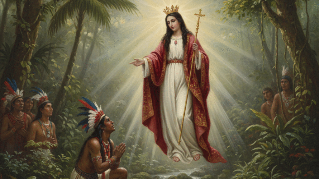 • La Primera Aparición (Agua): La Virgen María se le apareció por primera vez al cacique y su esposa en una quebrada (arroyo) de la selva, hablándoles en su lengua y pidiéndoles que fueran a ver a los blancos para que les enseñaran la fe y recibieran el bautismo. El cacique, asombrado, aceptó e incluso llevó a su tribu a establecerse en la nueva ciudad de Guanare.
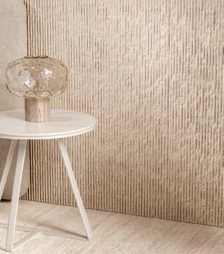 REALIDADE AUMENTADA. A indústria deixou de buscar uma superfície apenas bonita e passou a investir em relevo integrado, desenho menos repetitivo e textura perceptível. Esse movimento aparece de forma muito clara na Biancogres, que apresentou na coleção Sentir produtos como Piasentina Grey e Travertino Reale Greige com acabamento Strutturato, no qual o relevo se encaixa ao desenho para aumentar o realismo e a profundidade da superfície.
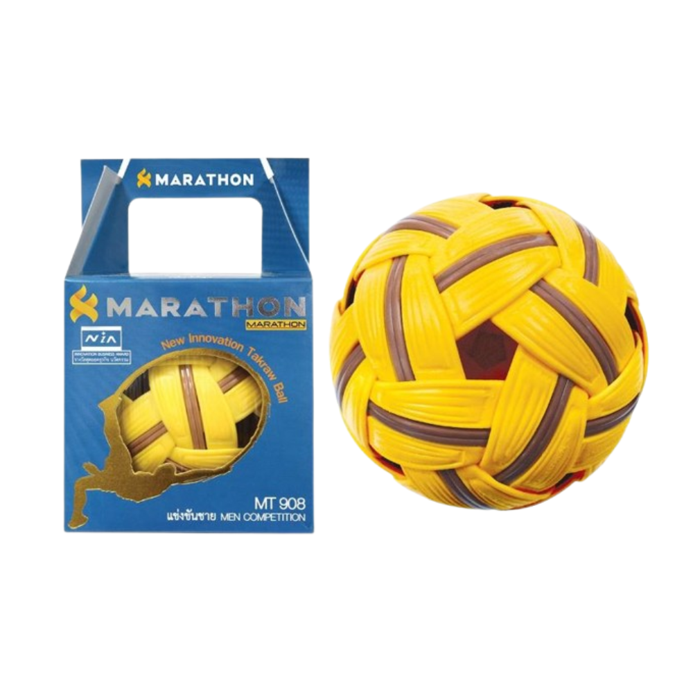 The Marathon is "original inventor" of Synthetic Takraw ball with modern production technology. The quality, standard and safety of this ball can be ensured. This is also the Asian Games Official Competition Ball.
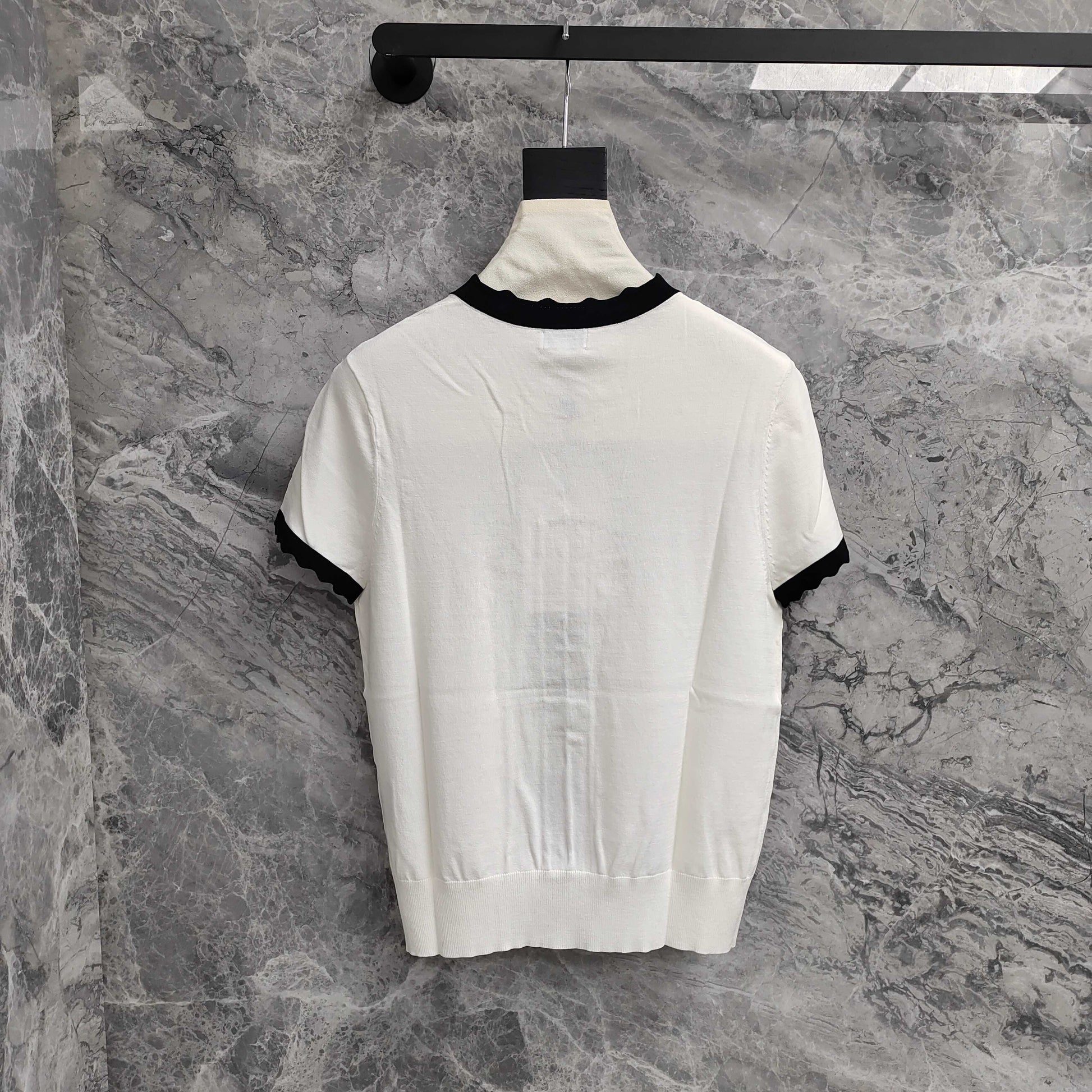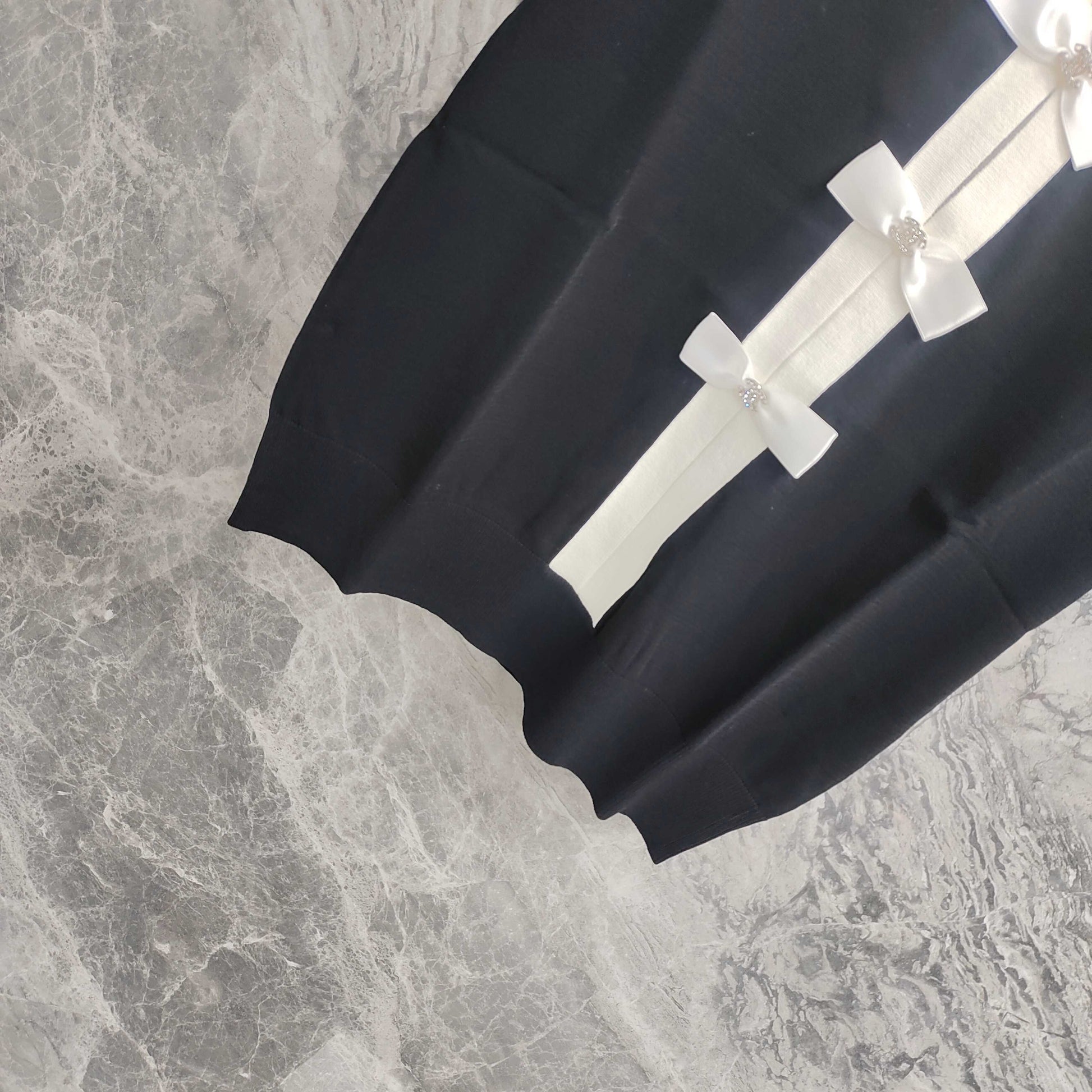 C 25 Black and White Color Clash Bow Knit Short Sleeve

—————

> _Exercise_
Repeat the material above in full and unchanged, minus its images.

> _Solved exercise_
 • La Primera Aparición (Agua): La Virgen María se le apareció por primera vez al cacique y su esposa en una quebrada (arroyo) de la selva, hablándoles en su lengua y pidiéndoles que fueran a ver a los blancos para que les enseñaran la fe y recibieran el bautismo. El cacique, asombrado, aceptó e incluso llevó a su tribu a establecerse en la nueva ciudad de Guanare.
 REALIDADE AUMENTADA. A indústria deixou de buscar uma superfície apenas bonita e passou a investir em relevo integrado, desenho menos repetitivo e textura perceptível. Esse movimento aparece de forma muito clara na Biancogres, que apresentou na coleção Sentir produtos como Piasentina Grey e Travertino Reale Greige com acabamento Strutturato, no qual o relevo se encaixa ao desenho para aumentar o realismo e a profundidade da superfície.
 The Marathon is "original inventor" of Synthetic Takraw ball with modern production technology. The quality, standard and safety of this ball can be ensured. This is also the Asian Games Official Competition Ball.
 C 25 Black and White Color Clash Bow Knit Short Sleeve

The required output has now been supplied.